Catecholamine-Induced Reversible Cerebral Vasoconstriction Syndrome: An Overlooked Cause of Thunderclap Headache
Kiserah Philip, Andrew Ashworth, Ross Paton, Frances McGrane

TL;DR
This paper describes a rare case where a brain blood vessel disorder was caused by a tumor that secretes stress hormones, leading to severe headaches.
Contribution
The paper highlights pheochromocytoma as an overlooked cause of reversible cerebral vasoconstriction syndrome.
Findings
A patient with thunderclap headaches was found to have a catecholamine-secreting pheochromocytoma.
Surgical removal of the tumor resolved symptoms and normalized hormone levels.
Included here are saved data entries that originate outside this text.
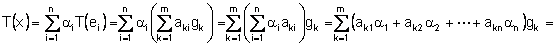 se numeste matricea operatorului T in bazele E si G. Notam A sau AT
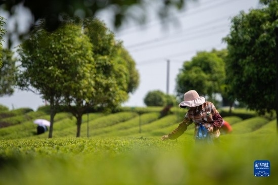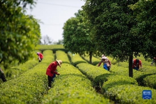 4月11日,在長(zhǎng)沙望城烏山貢茶基地,茶農(nóng)在采摘春茶。
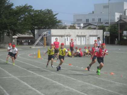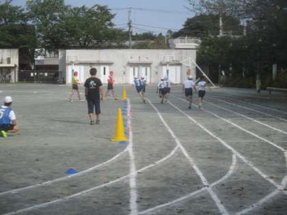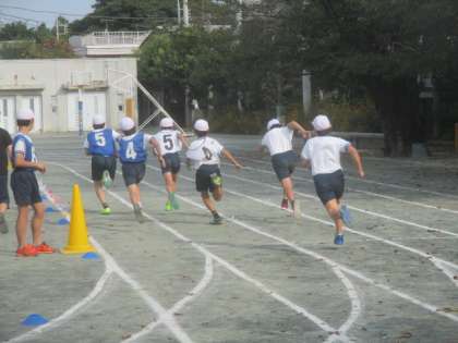 今朝は、高学年リレーの男子の朝練の日です。昨日の女子に続き、男子も今日から本格的な練習が始まりました。チームで声をかけ合って、バトンパスを繰り返します。選手の息づかいが聞こえてきそうで、朝から気合の入った練習をしていました。

Early multidisciplinary involvement is crucial for diagnosing rare causes of headaches.
Abstract
Reversible cerebral vasoconstriction syndrome (RCVS) is a rare but important cause of thunderclap headache. It is often under-recognized, as the presentation can be variable, and early imaging can be normal. RCVS may be precipitated by catecholaminergic surges, including those from pheochromocytoma. We describe a 35-year-old female patient who presented with recurrent thunderclap headaches, later complicated by acute confusion and transient dysphasia. Initial investigations were unremarkable, but subsequent magnetic resonance imaging (MRI) revealed a transient parieto-occipital lesion and vascular irregularities, prompting consideration of RCVS. Her evolving clinical picture eventually led to the discovery of a large adrenal mass, which was confirmed via biochemical testing as a catecholamine-secreting pheochromocytoma. Surgical resection following appropriate alpha- and beta-blockade…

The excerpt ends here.